The journals of August 6, 1805 converge on a single compound disaster at the junction of the Big Hole and Jefferson rivers. Clark’s detachment, hauling the canoes upstream, had taken the wrong fork because Lewis’s note — affixed to a green willow pole — had been felled and carried off by beaver. By the time Drouillard reached Clark with corrected directions, the party was already several miles up the rapid northern branch and had to retreat down the same shoals they had just labored up. The descent cost them three swamped canoes, roughly twenty pounds of spoiled powder, the contents of the medicine box, and very nearly the life of Joseph Whitehouse.
The Same Accident, Five Camera Angles
The capsizing is the day’s narrative gravity well, and each narrator frames it differently. Gass, characteristically terse, gives only the inventory:
a knapsack, shot-pouch and powder-horn lost, and all the rest of the loading wet.
Ordway expands the catalog and adds a second near-miss —
one canoe turned over another partly filled and was near turning over also
— and is the only narrator who names the injured man in the third person:
one man Jos Whitehouse got his leg lamed when the canoe turned over.
Whitehouse himself supplies what no other journal can: the first-person mechanics of the accident. He was in the stern; he jumped out to right the boat; the current swung her around and pinned him.
caught my leg under hir and lamed me & was near breaking my leg.
Lewis, who was not in the canoe but reconstructed the event afterward, supplies the margin of survival with chilling precision:
the canoe had rubed him and pressed him to the bottom as she passed over him and had the water been 2 inches shallower must inevitably have crushed him to death.
Whitehouse, writing of his own body, does not mention the two inches. Lewis, writing of his man, does. The detail likely came from someone in the canoe and was filtered through the captain’s habit of quantifying everything.

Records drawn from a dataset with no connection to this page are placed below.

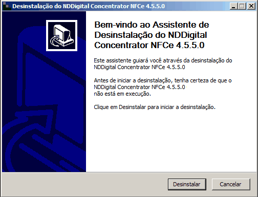 Tela inicial: Tela inicial da desinstalação do Concentrador. Para prosseguir, clique em Desinstalar.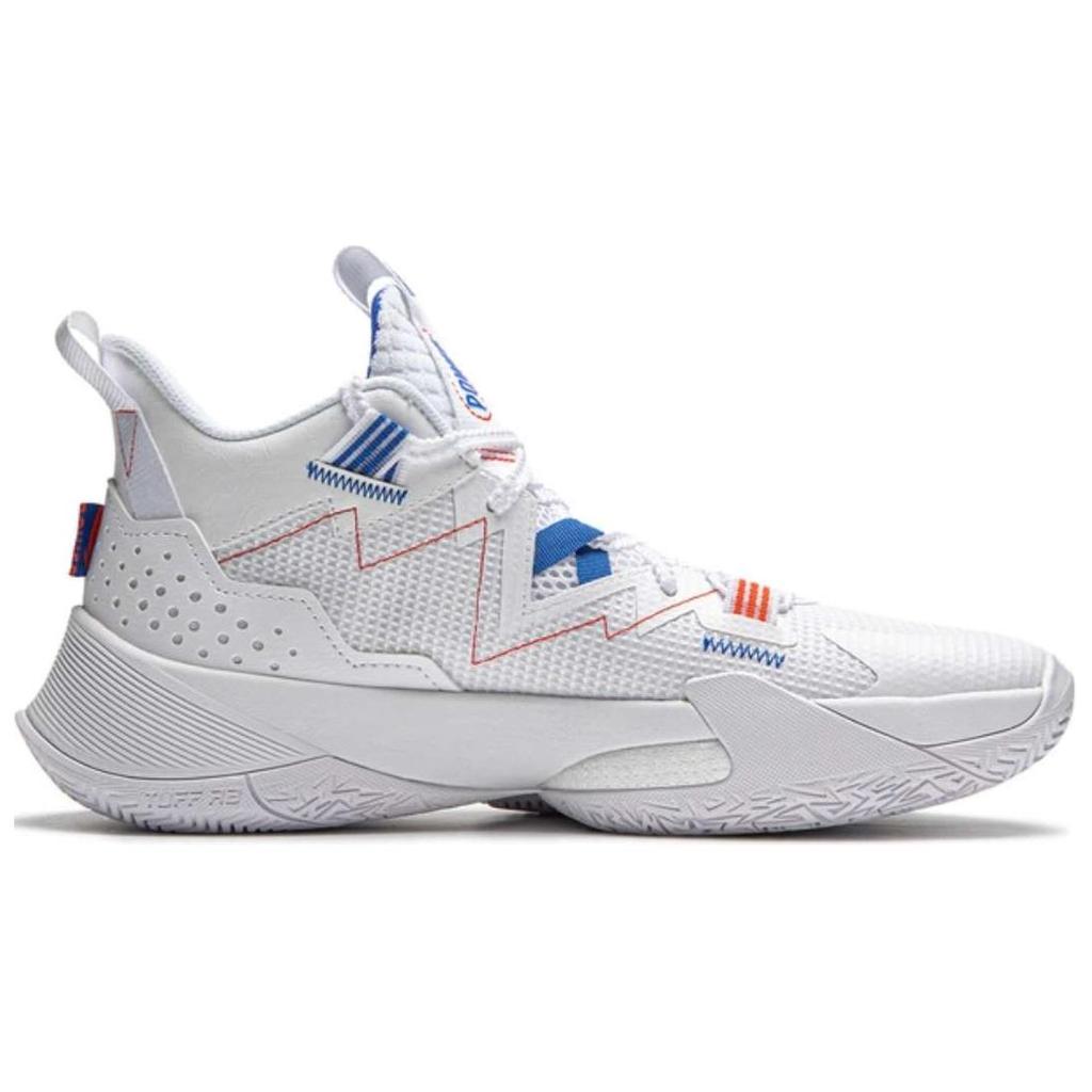 Li-Ning Удобные модные нескользящие износостойкие баскетбольные кроссовки средней высоты мужские кроссовки белые синие ABPU055-1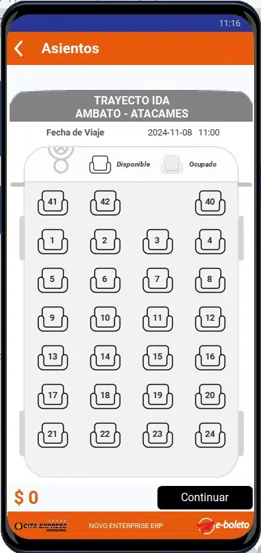 Cita Express is the official application for the CITA EXPRESS transport operator, serving the Ecuadorian market. This app provides users with an efficient and convenient platform to purchase bus tickets directly through its own infrastructure, ensuring a seamless travel experience without the need to rely on third-party services.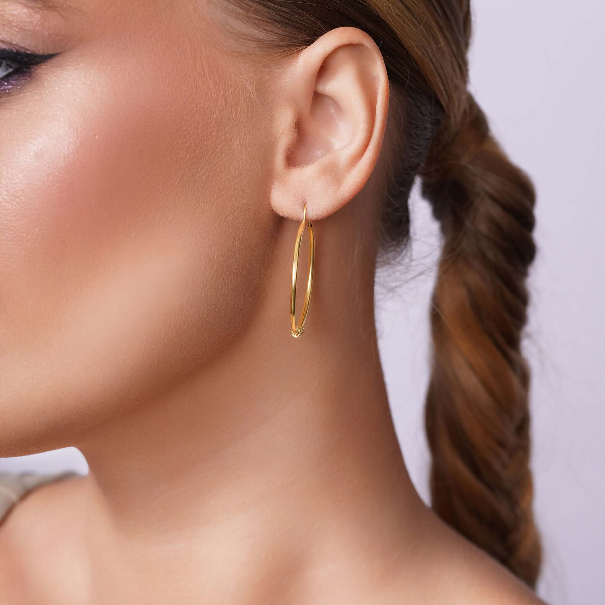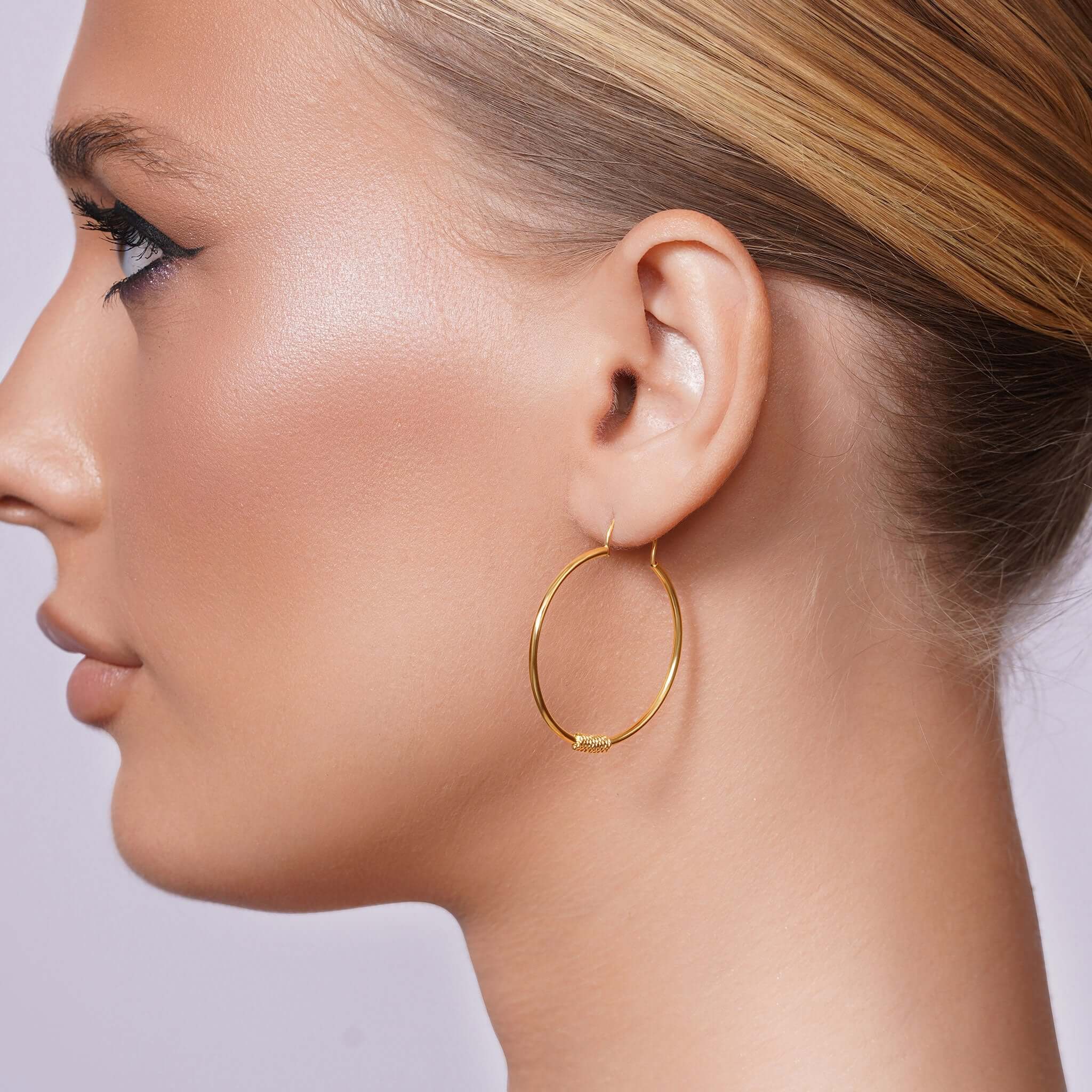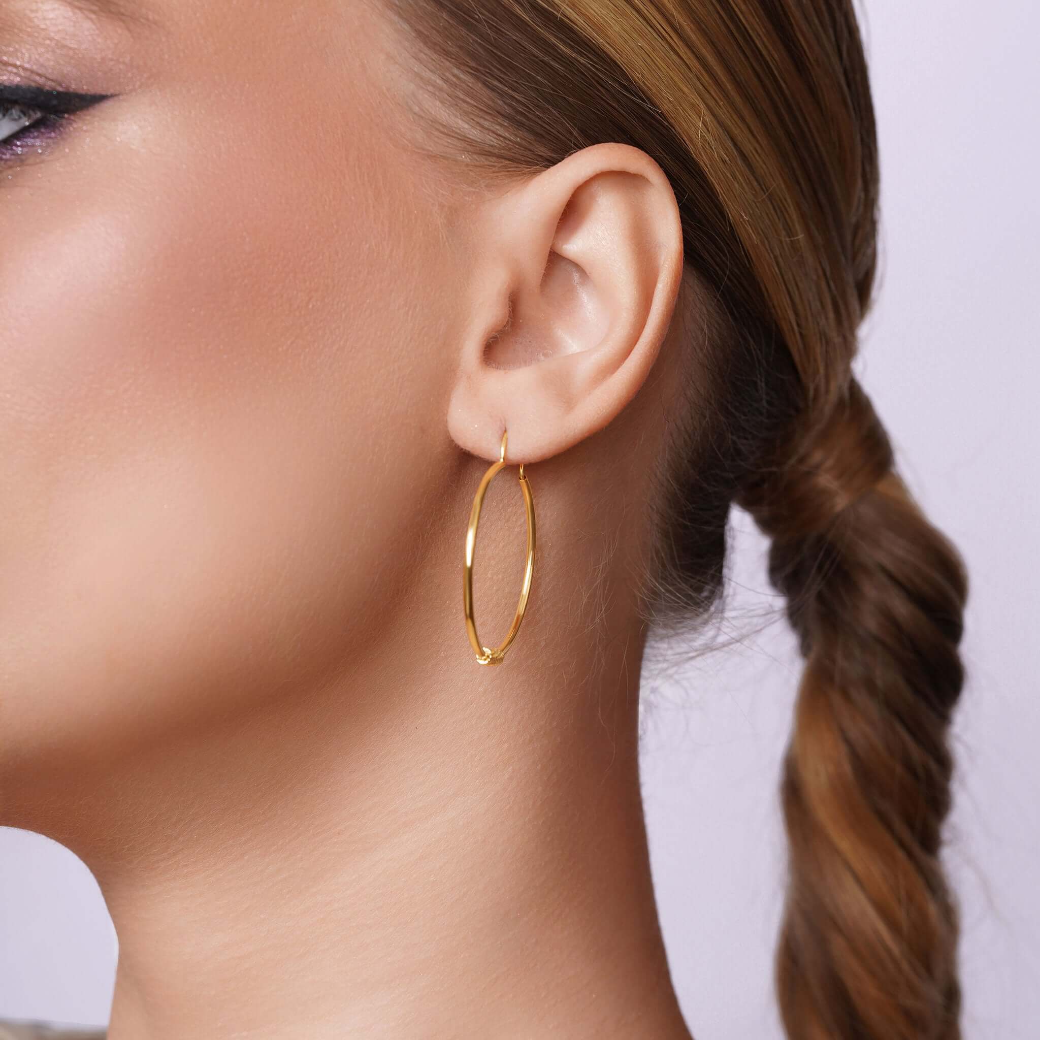 What sets these hoops apart is the innovative endless closure, carefully bent to hug the natural contours of the ear. This design subtly tucks the hoop just beneath the earlobe, offering a sleek silhouette that feels both secure and effortlessly modern.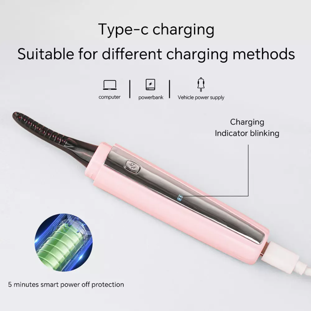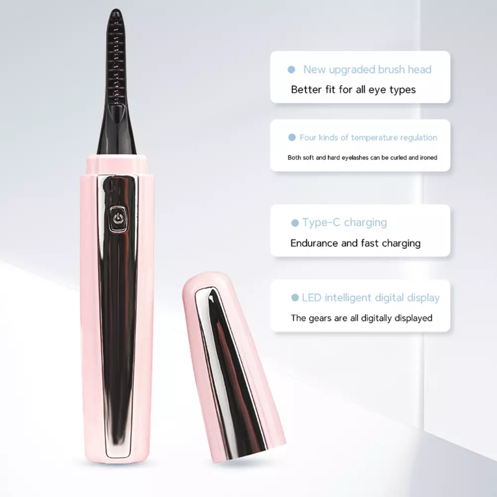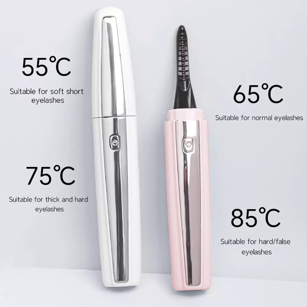 An electric eyelash curler usually consists of a heating element and an eyelash curler, and users can easily create naturally curled, thicker eyelashes by simply clamping their eyelashes over the heating element and waiting just a few seconds.

The Whitehouse-from-Ordway pattern is visible here in its usual form — Whitehouse’s opening sentences track Ordway’s nearly verbatim (“we Set out as usal, and proceeded on hall[]ing the canoes up the rapids. the bottoms low and covered with Small timber”) — but the accident itself breaks the pattern. On a matter where Whitehouse had direct experience, his prose departs from Ordway’s and becomes specific, physical, and his own.
The Beaver, the Panthers, and the Lead Canisters
Two causal details appear only in the captains’ entries. Clark alone explains the wrong-fork error:
this lettr was Cut down by the beaver as it was on a green pole & Carried off.
He pairs this with a second small predation —
Three Skins which was left on a tree was taken off by the Panthers or wolvers
— a doubling of animal interference that the enlisted journals omit entirely. Lewis confirms the lost skins in the truncated tail of his entry but spends his analytical energy elsewhere: on the lead canisters of powder, his own invention, which had survived more than an hour underwater intact.
about 20 lbs. of powder which we had in a tight Keg or at least one which we thought sufficiently so got wet and intirely spoiled.
Lewis uses the disaster to vindicate his packaging system, noting that the dry plains air shrinks even seasoned wood unless kept full of liquid. None of the sergeants register the canister question; for them the powder is simply lost or saved.
What Each Narrator Preserves Alone
Gass is the shortest and contributes the cleanest summary of the route reconnaissance — that the party had gone “5 or 6 miles up the north branch” before turning back. Ordway alone records that George Shannon failed to return that evening and that the party
blew the horn and fired Several guns in hopes he would hear it
— the beginning of Shannon’s second extended disappearance of the expedition. Whitehouse alone gives the interior view of the capsizing. Lewis alone gives the medical margin and the powder-canister vindication. Clark alone names the beaver as the agent of the original confusion and adds, almost as an aside, that his ankle is
much wors than it has been
— an injury threading through several entries this week that the enlisted men do not mention.
Read together, the five accounts reconstruct a chain of small contingencies — a green pole, a hungry beaver, a missed note, a wrong fork, a hauled retreat, a swung stern, two inches of water — that came within a hand’s breadth of killing a man and did, in fact, cost the expedition a portion of its medicine, its powder, and its margin of supply at the threshold of the Continental Divide.